* **WORK INSTRUCTION**: Drop every picture and copy exactly the lines from the one with "과기정통부, 메타버스로 '데이터댐 사업' 협약식 열어 (news1.kr)" through the last line of the listing below.

══ PROVIDED INFORMATION

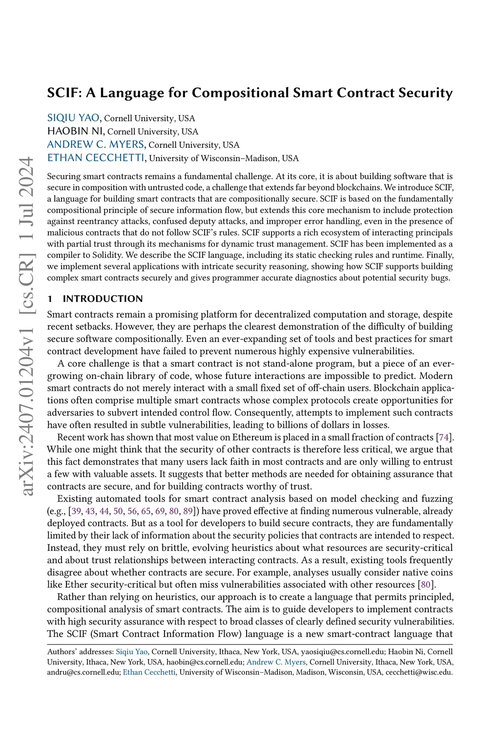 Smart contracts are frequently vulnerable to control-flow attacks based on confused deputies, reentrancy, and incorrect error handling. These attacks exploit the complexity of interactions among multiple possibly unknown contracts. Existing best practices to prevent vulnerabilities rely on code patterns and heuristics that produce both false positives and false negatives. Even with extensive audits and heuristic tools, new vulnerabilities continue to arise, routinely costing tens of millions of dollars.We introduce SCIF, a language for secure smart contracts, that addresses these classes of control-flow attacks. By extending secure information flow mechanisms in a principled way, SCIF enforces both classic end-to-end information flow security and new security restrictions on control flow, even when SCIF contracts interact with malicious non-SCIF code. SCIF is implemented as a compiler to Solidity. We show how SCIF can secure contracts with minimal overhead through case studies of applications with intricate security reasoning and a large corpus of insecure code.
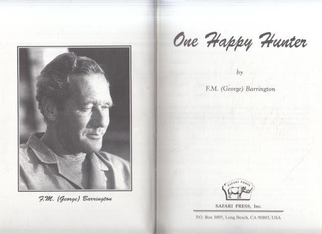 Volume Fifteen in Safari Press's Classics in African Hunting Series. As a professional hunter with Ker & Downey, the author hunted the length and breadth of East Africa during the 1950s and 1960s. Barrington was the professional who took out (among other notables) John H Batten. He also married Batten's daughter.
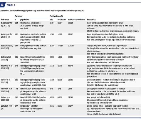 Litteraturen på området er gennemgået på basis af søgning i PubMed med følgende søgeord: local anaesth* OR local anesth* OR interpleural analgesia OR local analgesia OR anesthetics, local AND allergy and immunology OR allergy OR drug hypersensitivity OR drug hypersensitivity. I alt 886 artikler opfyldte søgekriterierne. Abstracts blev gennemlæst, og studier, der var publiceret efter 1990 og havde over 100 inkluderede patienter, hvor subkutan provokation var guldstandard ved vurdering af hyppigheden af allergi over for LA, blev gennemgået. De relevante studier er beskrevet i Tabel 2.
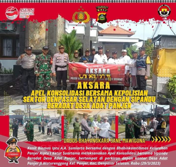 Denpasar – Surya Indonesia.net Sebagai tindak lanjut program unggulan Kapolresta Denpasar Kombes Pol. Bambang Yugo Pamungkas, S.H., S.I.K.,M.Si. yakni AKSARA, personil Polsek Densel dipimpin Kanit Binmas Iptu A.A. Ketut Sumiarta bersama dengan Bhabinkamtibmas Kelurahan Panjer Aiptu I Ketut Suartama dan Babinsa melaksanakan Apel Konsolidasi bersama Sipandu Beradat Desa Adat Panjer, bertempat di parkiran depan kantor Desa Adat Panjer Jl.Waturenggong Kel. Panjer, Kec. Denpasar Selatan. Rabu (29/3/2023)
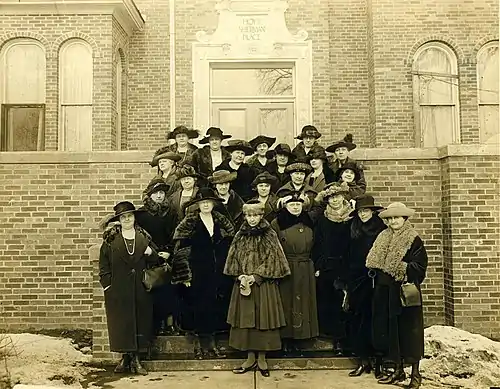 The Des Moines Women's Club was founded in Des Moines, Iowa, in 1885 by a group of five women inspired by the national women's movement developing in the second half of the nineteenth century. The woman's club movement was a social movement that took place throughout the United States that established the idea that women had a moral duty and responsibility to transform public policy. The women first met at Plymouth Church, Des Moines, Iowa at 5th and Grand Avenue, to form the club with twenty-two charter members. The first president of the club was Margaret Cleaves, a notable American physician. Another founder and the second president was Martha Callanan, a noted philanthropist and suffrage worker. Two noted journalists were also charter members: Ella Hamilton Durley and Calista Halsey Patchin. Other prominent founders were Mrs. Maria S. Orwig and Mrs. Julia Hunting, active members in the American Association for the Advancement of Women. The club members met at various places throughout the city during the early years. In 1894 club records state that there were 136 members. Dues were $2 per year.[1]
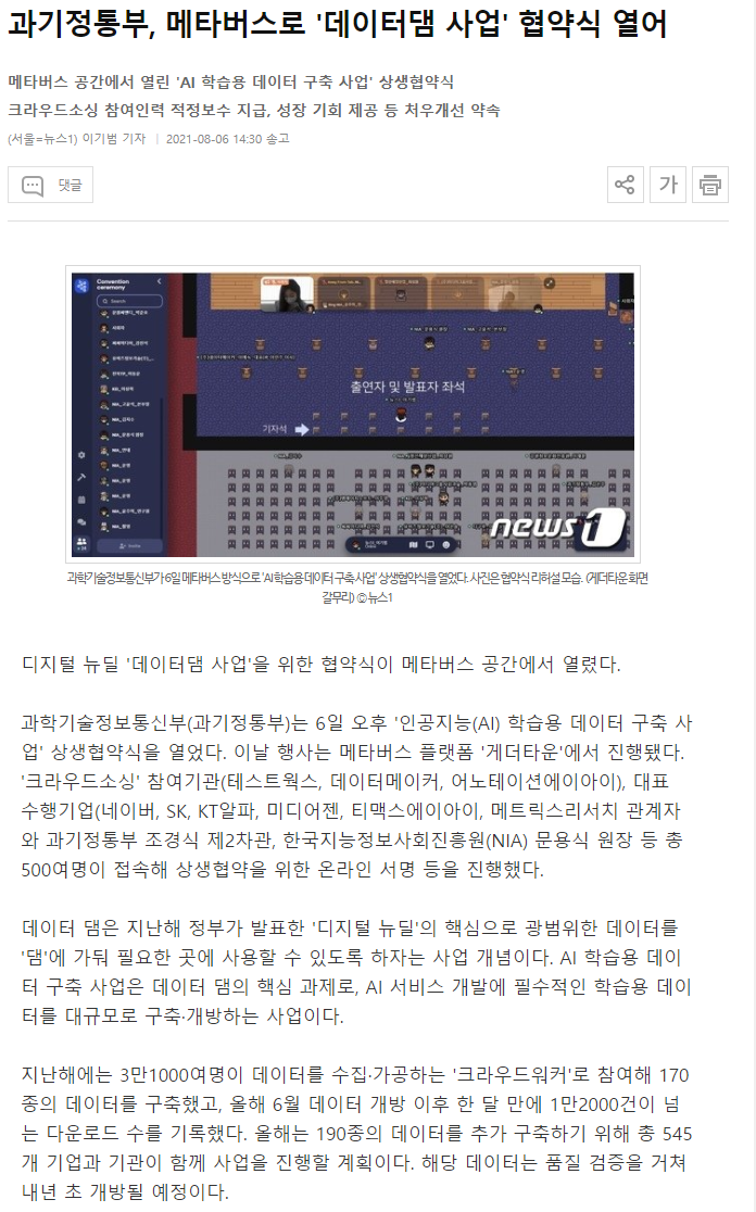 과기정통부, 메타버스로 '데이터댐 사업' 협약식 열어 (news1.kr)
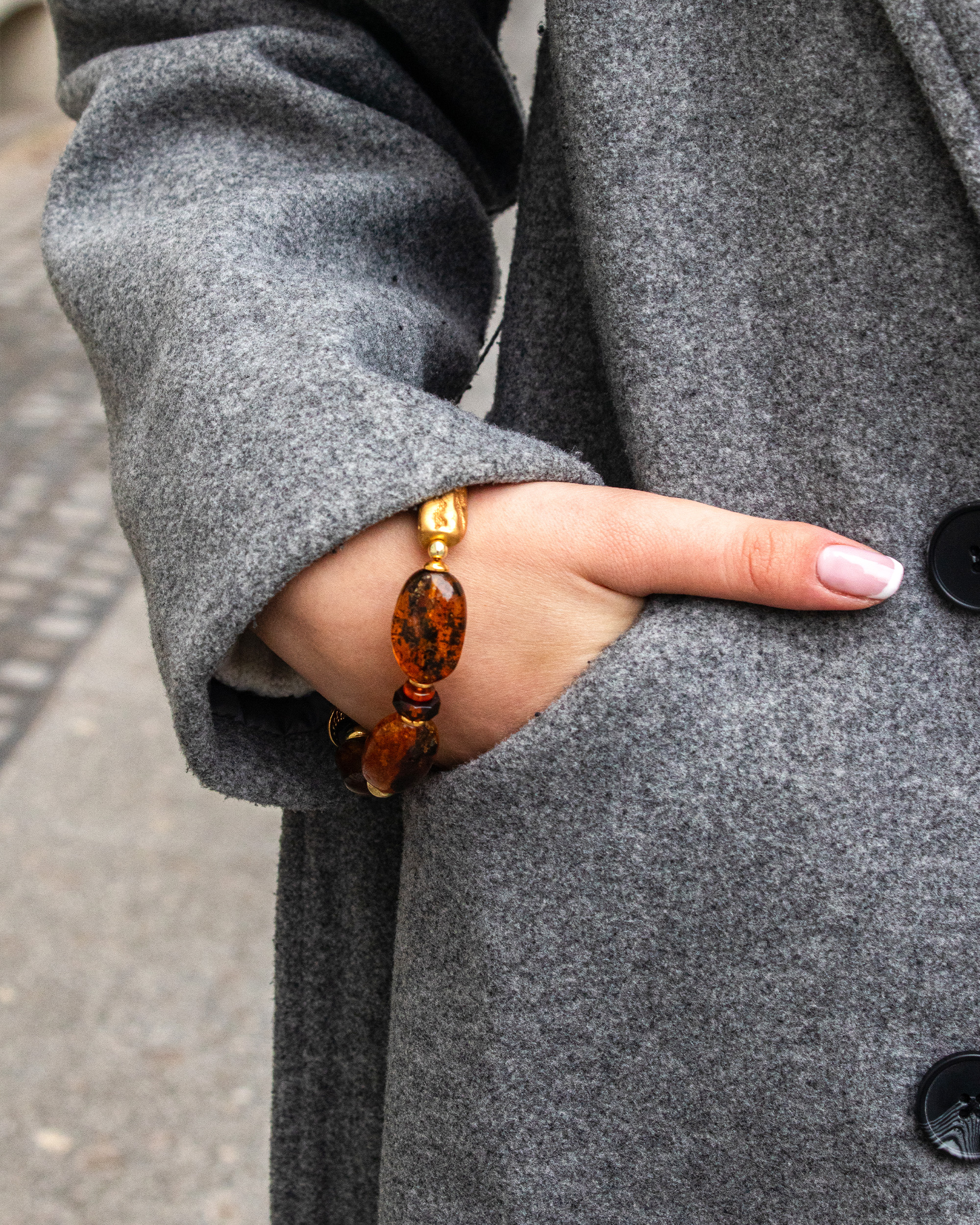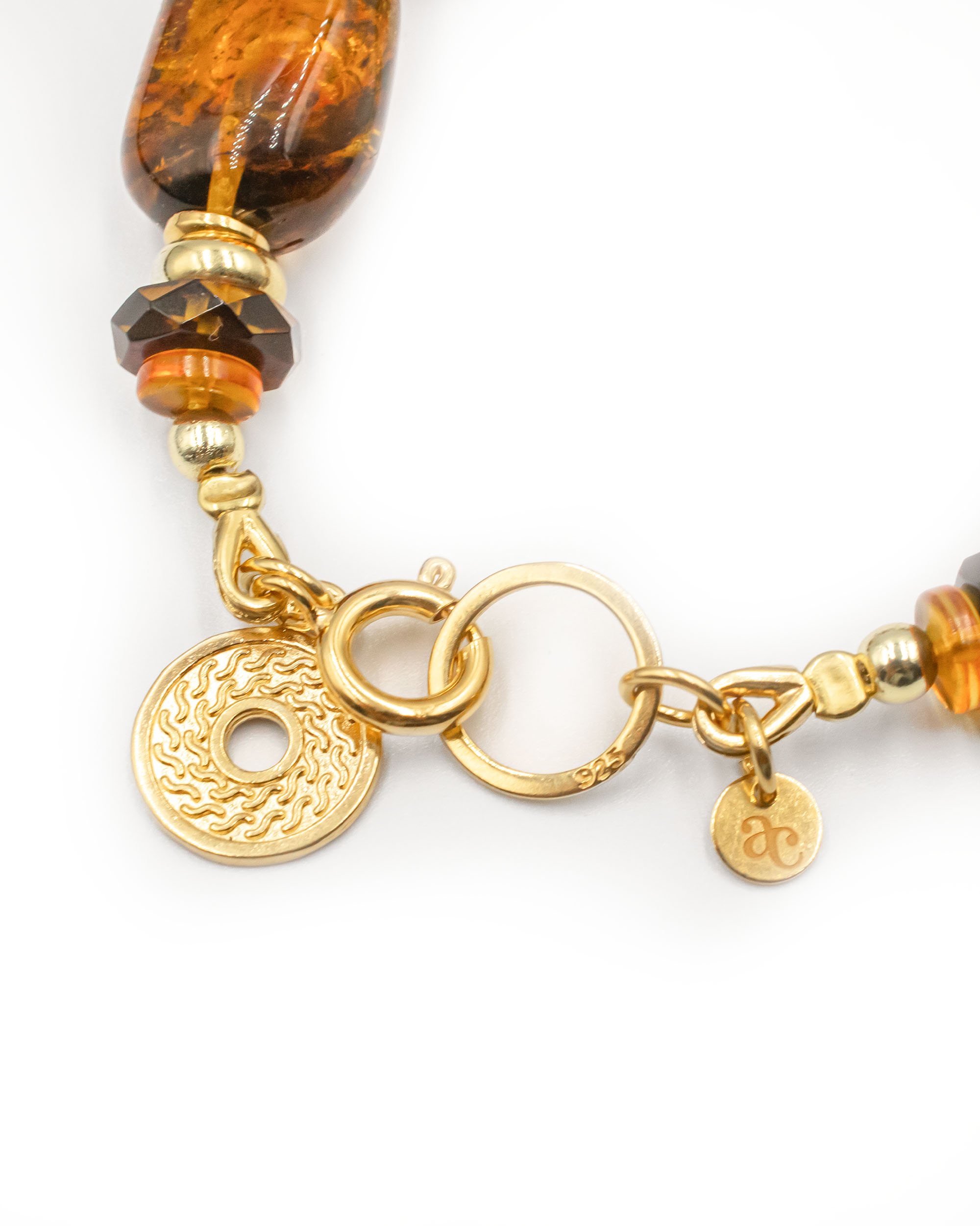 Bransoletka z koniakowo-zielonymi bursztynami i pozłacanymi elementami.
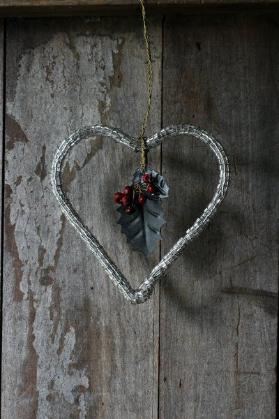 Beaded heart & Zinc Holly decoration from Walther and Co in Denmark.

════

* **WRITTEN RESPONSE**:
 과기정통부, 메타버스로 '데이터댐 사업' 협약식 열어 (news1.kr)
 Bransoletka z koniakowo-zielonymi bursztynami i pozłacanymi elementami.
 Beaded heart & Zinc Holly decoration from Walther and Co in Denmark.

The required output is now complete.